My family dynamic couldn’t be more complicated. My relationship with my brother is complicated and civil at best. My relationship with my biological father is straightforwardly complicated. My relationship with my Granddad is confusing to the outside world. My relationship with my Mum’s sister is complicated. My life is complicated and most of the time I wish it could be so much simpler.

My relationship with my biological father is complicated because I’ve never spent more than an hour in the same room as him. The first fourteen years of my life were spent with hearing a small number of stories about how he was a drug addict and didn’t treat my Mum the way she deserved to be treated. He remained being rarely mentioned and that was the way my Granddad liked it.

I didn’t consider meeting him or think about him until after my Mum passed away and he sent my brother and I a card which didn’t do anything to keep our already disrupted household stable in the slightest. My Granddad wanted to burn it before either of us had a chance to read it, whereas my Nan, who had a much less judgemental attitude towards my biological father, wanted us to meet him.

I wanted the first time I met my father to be something that every other girl in my school year had with their Dad’s. I wanted to be a Daddy’s girl. I wanted a fairytale reunion. I wanted to believe that he wasn’t the person my Grandparents portrayed him as. I was wrong; it was never ever going to be like that.

A few days later we met my biological father and his mother, who has lived in the same village as my primary school for as long as I’ve been alive, at Pizza Hut. I won’t lie or beat around the bush about how the meeting went because it was a complete waste of time. Neither my father or his mother acknowledged anything I told them about myself, their attention was focused on my brother and explaining everything from their perspective. Afterwards my biological father gave me a hug and we went our separate ways and I haven’t seen or heard from him since.

I recently found out from my Mum’s sister, who wants me to see him again and build a relationship with a former drug addict, that my father’s family don’t think that I am biologically related to him. The other side of my family know that my brother is his son, but apparently I might not be his daughter. But the only person who can tell me the truth isn’t here anymore. I wouldn’t blame my Mum in the slightest little bit if I wasn’t his; honestly, it would be a blessing.

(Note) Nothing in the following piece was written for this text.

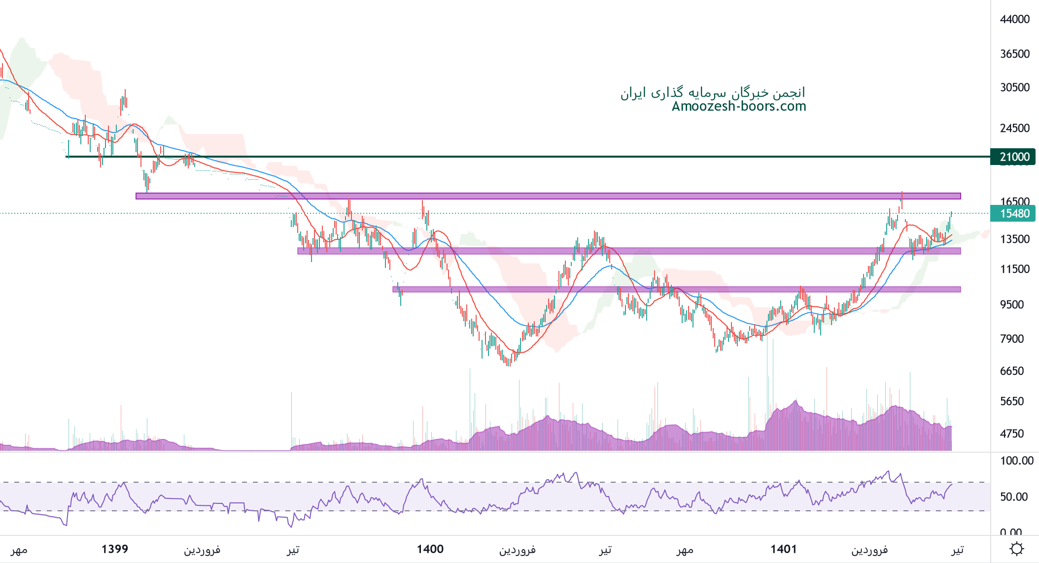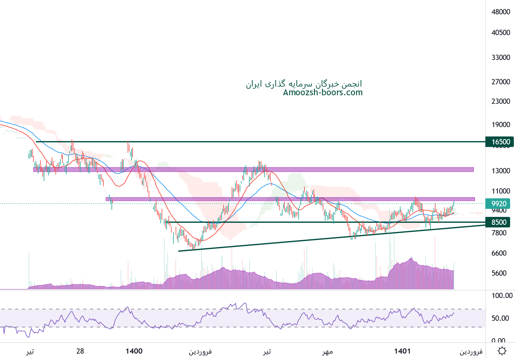 قیمت غنوش با گارد صعودی که به خود گرفته به سطح مقاومتی 13000 ریال نزدیک شده است، در صورتی که قیمت موفق به عبور از این مقاومت شود، محدوده مقاومت بعدی غنوش 15500 ریال در نظر گرفته خواهد شد، همچنین در صورت ورود قیمت به فاز اصلاحی، اولین حمایت غنوش 11500 ریال ارزیابی خواهد شد.

My Mum’s sister and I don’t get a long at all; she’s very domineering and thinks that her opinion is the only one that matters in every single conceivable situation. I don’t like her at all. When we do talk over the phone she always brings the conversation round to the topic of my biological father, normally the conversation is about how I’m missing out on knowing my biological father’s sisters, and how difficult it would’ve been for him to come back into our lives after my Granddad told the drug addict that he needed to leave.

She keeps telling me that I’m dishonouring my Mum’s memory by not having a relationship with the man who hurt her, didn’t make her happy and made her feel afraid being in her parent’s home. Why would I want to have a relationship with my father or his family if I know how much I would be hurting my Mum in doing so? Surely, she’s the one dishonouring my Mum and her sister’s memory by talking to me about it?

I don’t need my biological father in my life when I know that I have an amazing man like my Granddad in my life. He’s the man who has raised me. He’s the man who has comforted me when I’ve cried. He’s the man who has loved me unconditionally as his daughter from the day I was born. He’s the man who I will always buy father’s day cards for.